A project that uses Yahoo Finance, Google Search Trends, and Twitter to analyze correlations between stock and social data
- Are there any correlations between specific stocks? (Tech companies in particular) • All tech companies that were monitored exhibited similar behavior, having generally corresponding rises and falls in price. Refer to figure 5 at the end of this document.
- Is there any correlation between the price of a stock and the amount of interest on a search engine? • Occasionally there were spikes in search interest and these spikes corresponded mostly to a sharp increase in stock price. However, this correlation was less conclusive than I had originally hoped. Refer to the red lines in figures 1-4 at the end of this document.
- Is there any correlation between the price of a stock and the traffic of tweets mentioning the particular stock? • Similarly to the search interest, there were spikes in the number of tweets mentioning a particular stock and often correlated to a rise in prices. There were occasionally tweets about a stock without any noticeable rise or fall. This correlation was moderately stronger than the search trend, however. Refer to green lines in figures 1-4 at the end of this document.
Data gathered for historical stock data was scraped from Yahoo Finance, while trends in interest were downloaded in csv format (the amount of cleaning necessary to scrape the trend data from the webpage was unrealistic for the time constraints I had, so the static csv’s were downloaded instead). I initially wanted to collect twitter data as well, but I learned that the API is limited to 6-9 days prior and to find a real correlation much more data would be necessary (about 60 days is what I was going for).
Included is code that creates a series of graphs comparing the percent change in stock price to google search trends for four different tech stocks.
This preliminary analysis showed that there is occasionally a correlation between the spikes in interest and a spike in the stock price. Usually the spike in interest corresponds to a strong positive increase in the stock price. Also, I found that most of the trend data had some sinusoidal noise so when graphing I normalized and then scaled the trend data to more appropriately display any correlation that could’ve been present. In order to decrease the “noise” of the data, I squared the normalized data before scaling in order to isolate the peaks of the trend data so that a correlation could be more easily distinguished. Some of the trend data did not provide very much information as it varied constantly and only within a small window of change. This preliminary analysis led me to try to find a work-around for gathering the tweet data.
In this portion of the project, I gathered the twitter data I had initially wanted (or at least as close as I could get).

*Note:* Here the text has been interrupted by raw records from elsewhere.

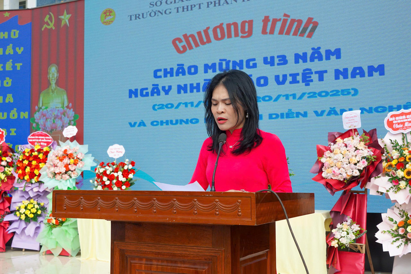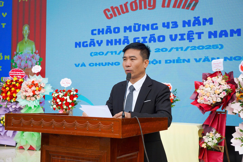 Thầy Nguyễn Thanh Tuấn - Bí thư chi bộ, hiệu trưởng đọc diễn văn chào mừng 43 năm Ngày Nhà giáo Việt Nam 20.11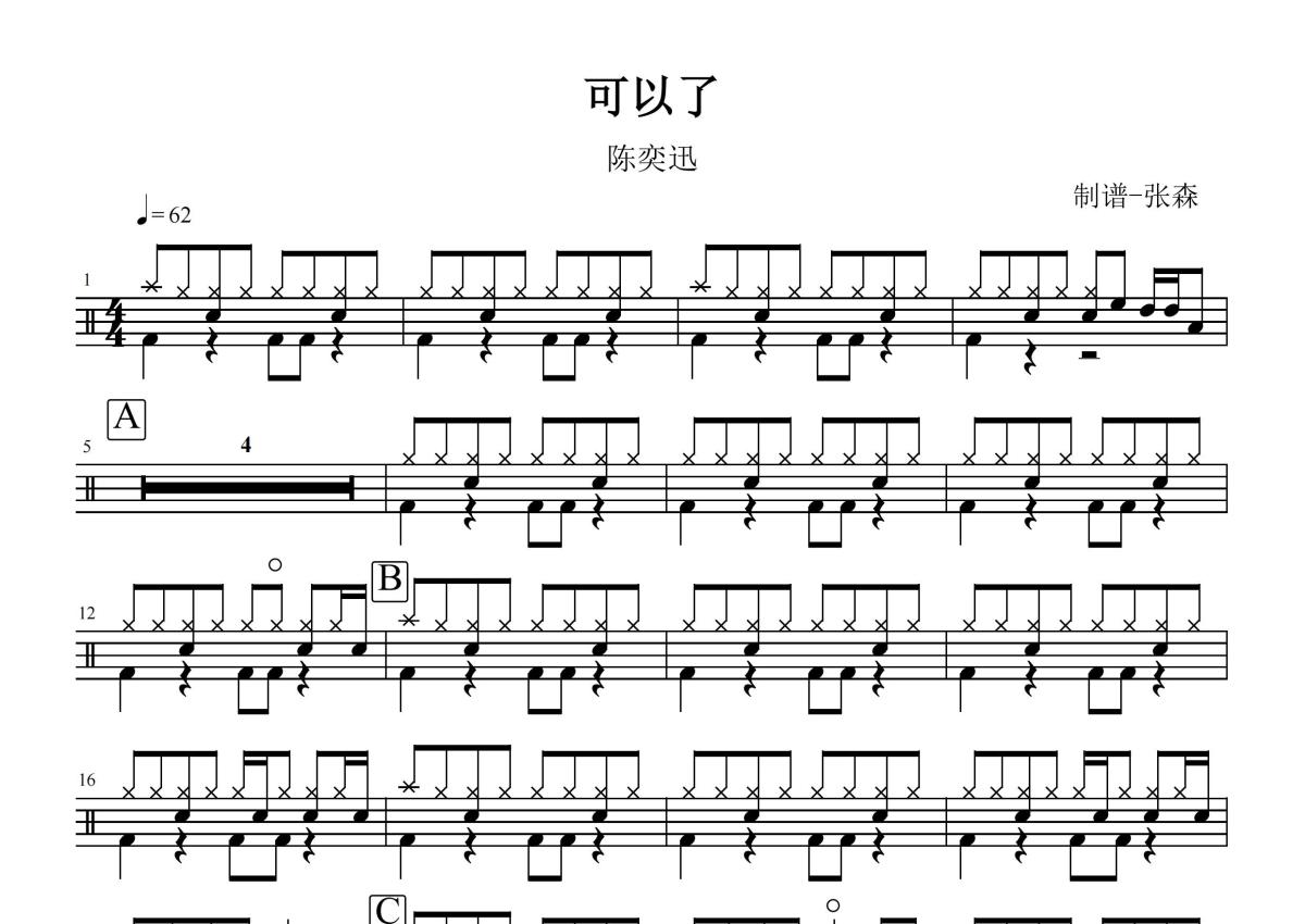 《可以了》是陈奕迅演唱的一首歌曲,这份鼓谱共有两张高清图谱,图谱由 @打鼓谱 编配上传,图谱使用五线谱编配,使用这份可以了架子鼓谱,你将能够轻松地敲打出这首陈奕迅的可以了,快来尝试吧。《可以了》是中国香港流行男歌手陈奕迅演唱的一首歌曲,由林怡凤作词,林俊杰作曲,Martin Tang编曲。收录于专辑《米·闪》中,发行于2014年5月15日。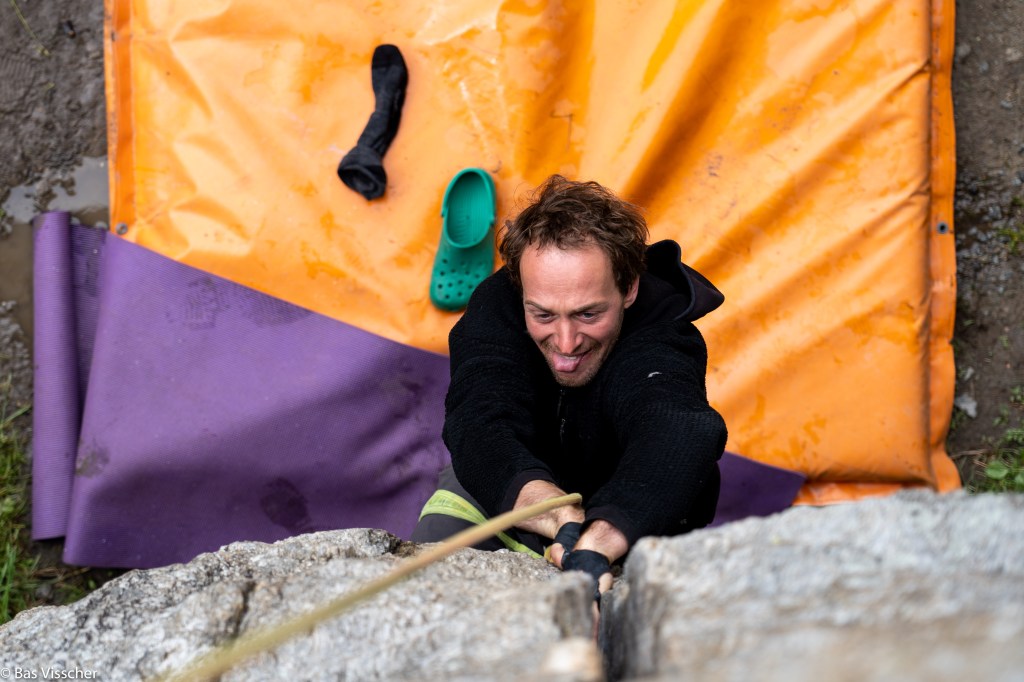 Afgelopen week gingen Thibault en ik op een kleine spleetklimstage en daar was ook Bas Visscher: een spleetklimmer met de ervaring en kennis om ons de hele bedoeling correct aan te leren. Naast heel gezellig (ik herhaal héél gezellig, want Bas is héél gezellig) was het ook lastig. Spleetklimmen voelt, met name in het begin, als systematisch wanhopig ledematen achter een stuk rots klemmen. Waar ervaren spleetklimmers zich als klittenband in de scheur haken, leg ik de verkeerde verklemmingen op de verkeerde plekken of voel simpelweg niet hoe mijn ledemaat geacht wordt in de spleet te blijven hangen onder belasting van mijn lichaamsgewicht. Op de sporadisch solide jam na verbruik ik al mijn (wils-)kracht razendsnel om toch maar een soort van in de wand te blijven.

I gathered data between January 26th and now, up to 9000 tweets per user account (plus or minus 200). The data was gathered from a sample size of about 10 user accounts that are all reliable stock traders. Once I had gathered this data, I removed extra data so that the dates of the tweets matched the range of the previous data I had collected.
The tweet data was gathered and saved according to the user account it came from. A set of punctuations was removed from the data in order to more easily find keywords. Every collection of data was then separated into 65 documents (to approximate the days that had gone by) with a variable number of tweets per document per user, because some users tweeted more frequently than others. For example, some users had close to the full 9000 limit while others had only about 1000.

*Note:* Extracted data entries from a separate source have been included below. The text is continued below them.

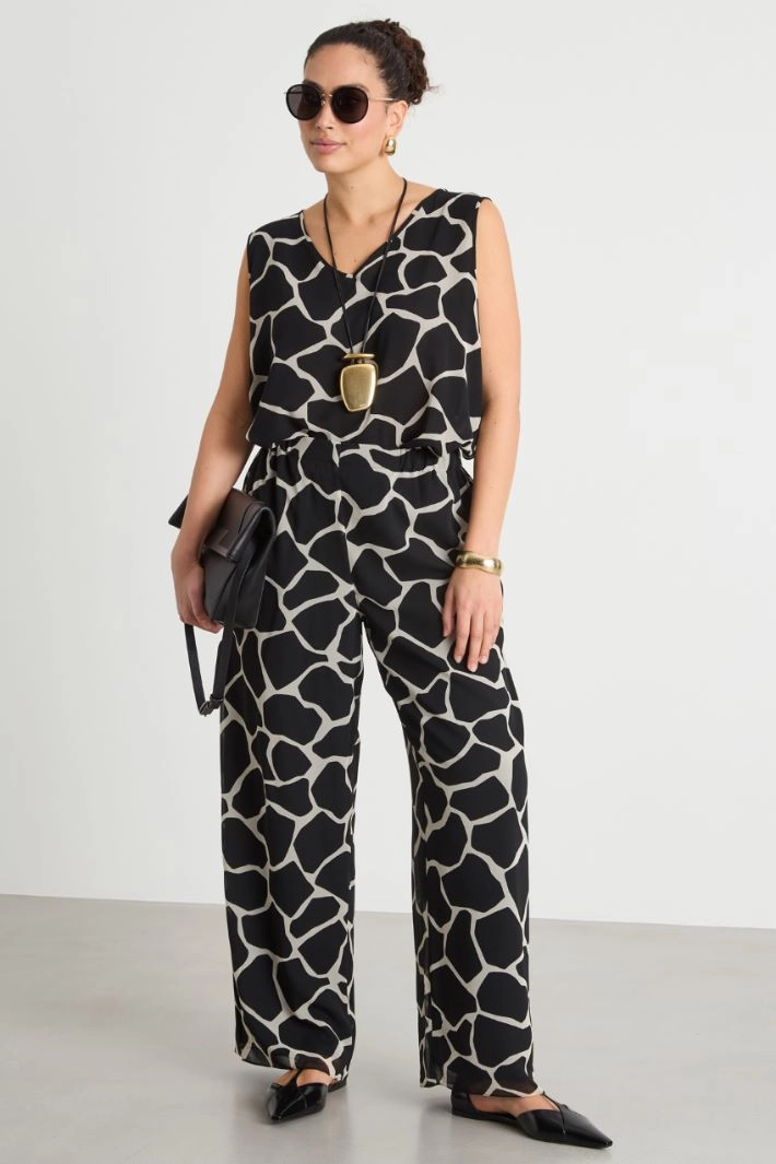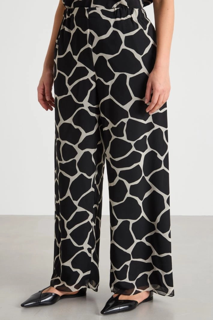 Palazzo trousers in printed georgette, featuring an elasticated insert at the back. Lined.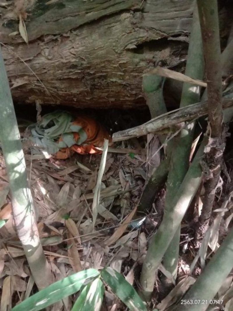 หลังจากนั้น มีชาวบ้านมาพบผ้าสีส้ม ลักษณะคล้ายเสื้อสีส้มแถบขาว บริเวณใต้กอไผ่ใกล้กับสวนยางชาวบ้านกกกอก โดยอยู่ในลักษณะซุกอยู่ใต้ขอนไม้ใกล้กับกอไผ่ นอกจากนี้ยังพบเศษผ้าคล้ายเสื้อสีขาวตกอยู่ใกล้กัน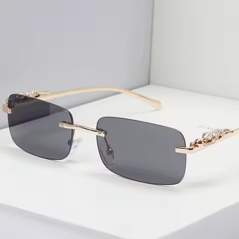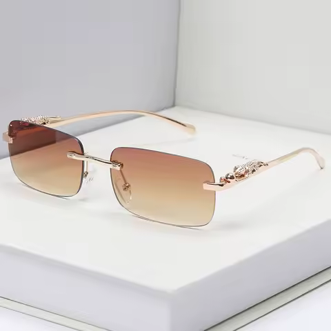 Classic Rimless Sunglasses Men Women Fashion Leopard Decoration Small Sun Glasses Stylish Frameless Driving Travelling Shades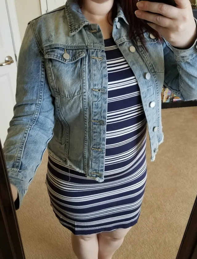 Here’s another item I keep getting and keep returning. The navy and white striped tunic dresses. This one is probably the best out of all the ones I have tried on. The different sizes in the stripes do more for my figure than the others. But I have a big butt and wide hips. Stripes from head to toe (or knee) just don’t work for me.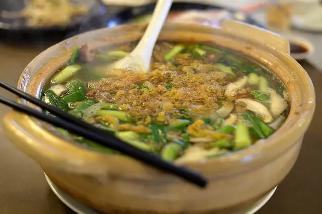 青蔥、香菇,蛋酥、油蔥……煨著香噴噴的湯頭和著米粉,呼拉哈拉的可以一碗接一碗的好過癮!

Once the documents had been created, the keywords for each stock (e.g. “apple” and “aapl”) were search for throughout the set of documents. A scoring matrix was generated with the total frequency of all keywords in each individual document. This scoring matrix was then normalized and scaled to be comparable to the stock price data, then added to the previous graphs from the last portion of the project.

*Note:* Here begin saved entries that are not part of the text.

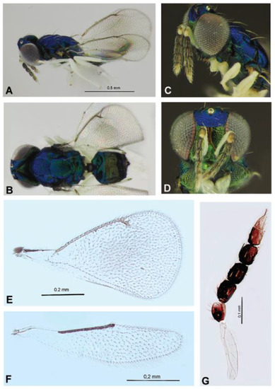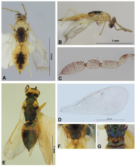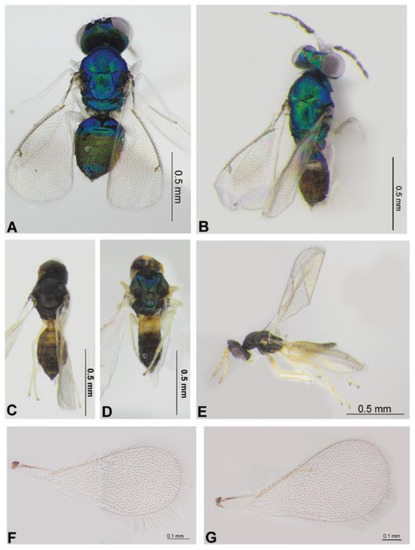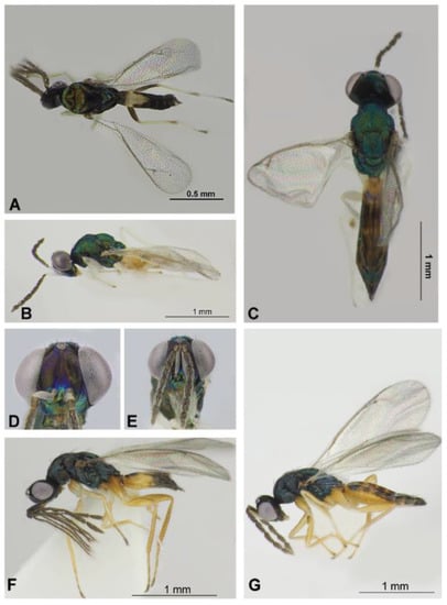 Eulophinae (females, males): Sympiesis gordius (Walker, 1839) (male) (A), Sympiesis laevifrons Kamijo, 1965 (female) (B–E), Pnigalio soemius (Walker, 1839) (male and female) (F,G). Habitus in dorsal view (A,C) and lateral view (B,F,G), face and antennae in frontal view (D,E).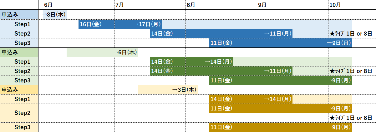 ※申込期日により、Step1の受講スタート時期は下記となります。なお、受講料のお支払い方法に関するご連絡は、下記の申込期日にご登録のメールアドレスへお送りします。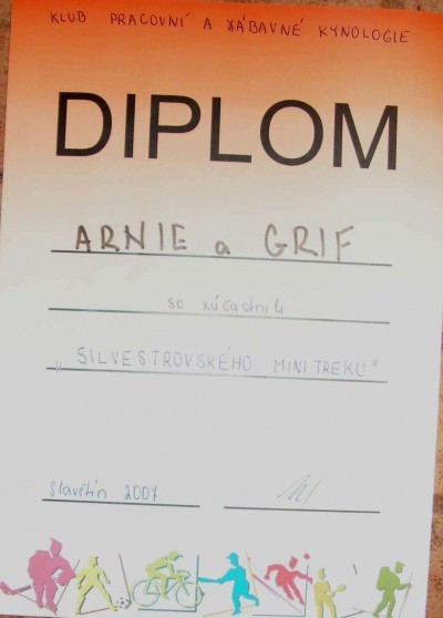 Že je na tom Grif dobře je vidět i na předposledním diplomu, ušel na silvestrovské akci několik kilometrů na "Minitreku".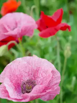 Tulips, poppies, salvia, cosmos, and other seasonal flowers are in bloom.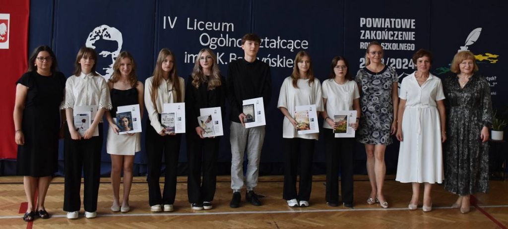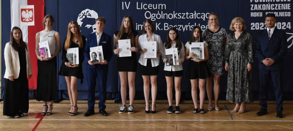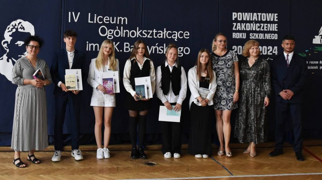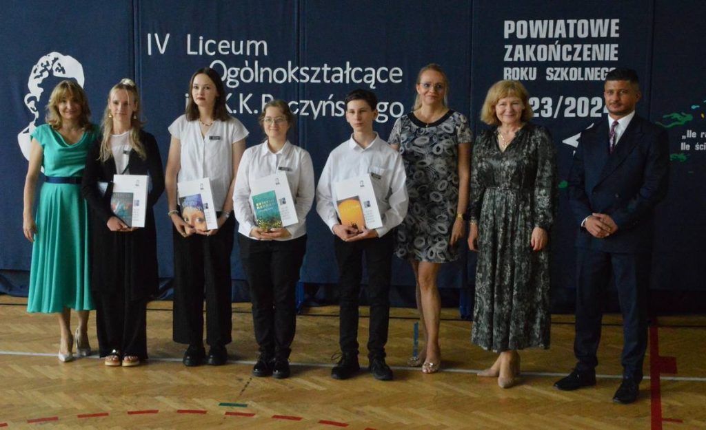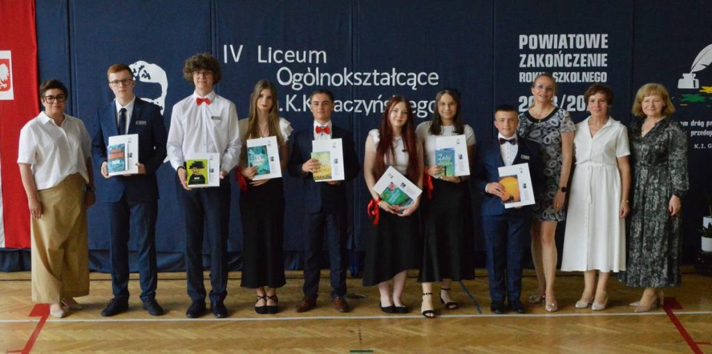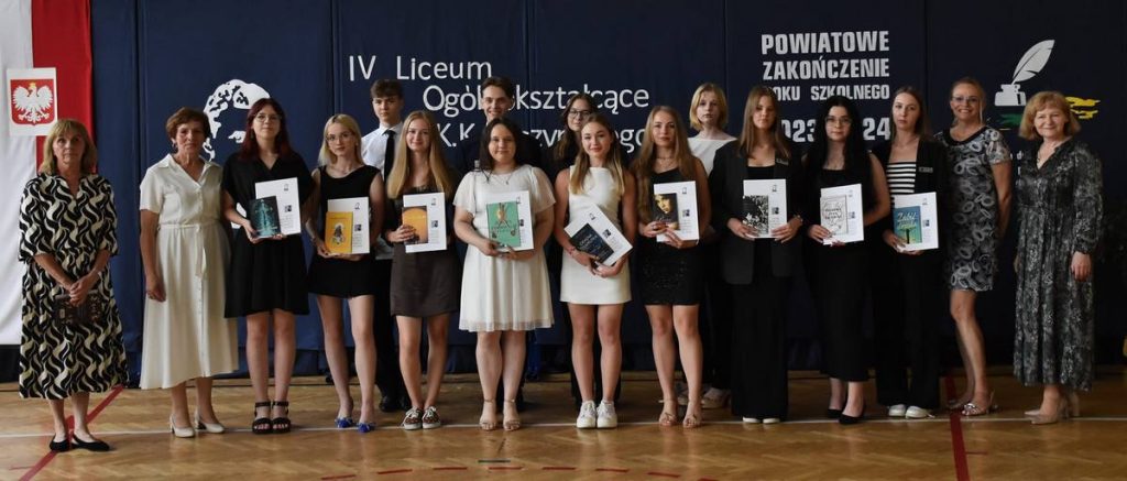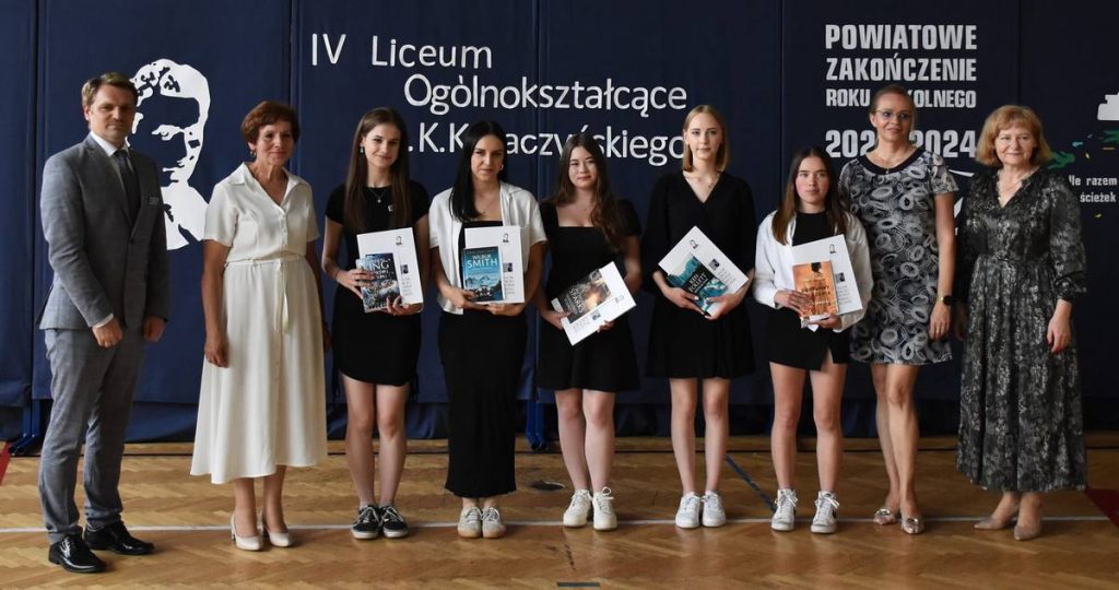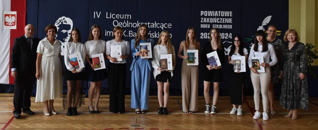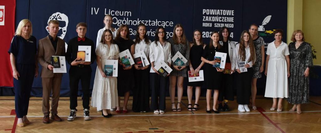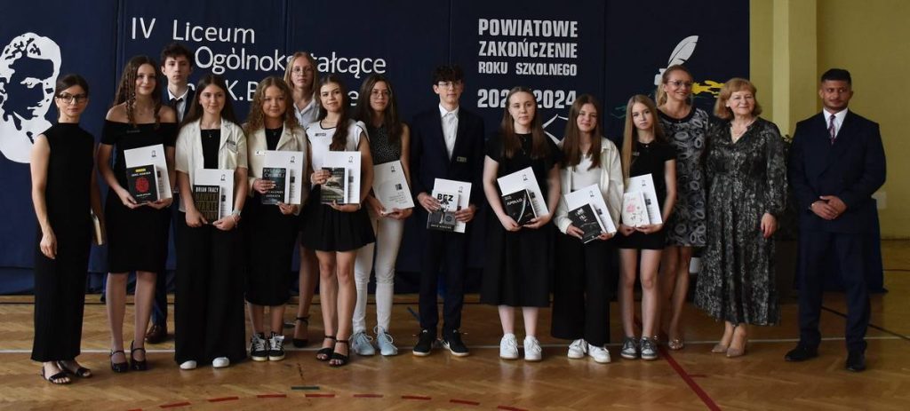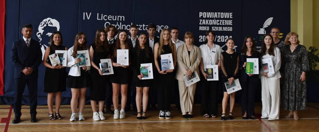 Pani Dyrektor Renata Dylewska podziękowała wszystkim nauczycielom, uczniom oraz pracownikom szkoły za pracę i zaangażowanie w mijającym roku szkolnym. Starosta Bogumił Sobczyk wręczył uzdolnionym uczniom stypendia. Nagrodzonym serdecznie gratulujemy! Za wspaniałe wyniki w nauce uczniowie „czwórki” zostali nagrodzeni świadectwami z wyróżnieniem, które odebrali z rąk Pani Dyrektor oraz Pana Starosty. Nagrody książkowe, zakupione przez Radę Rodziców zostały wręczone przez przewodniczącą – Sylwię Bukład.

All analyses between different stocks (for Question 1) were analyzed with the python file “historicaltrends.py”. All analyses between tweet/search data and stocks (for Questions 2 & 3) were analyzed with the python file “socialtrends.py”. The “tweets.py” file is used by “socialtrends.py” and was simply created to reduce the clutter of “socialtrends.py”. The “gather_tweets.py” file was used to gather the twitter data; however, however all necessary data has been collected and deposited in the “data” folder.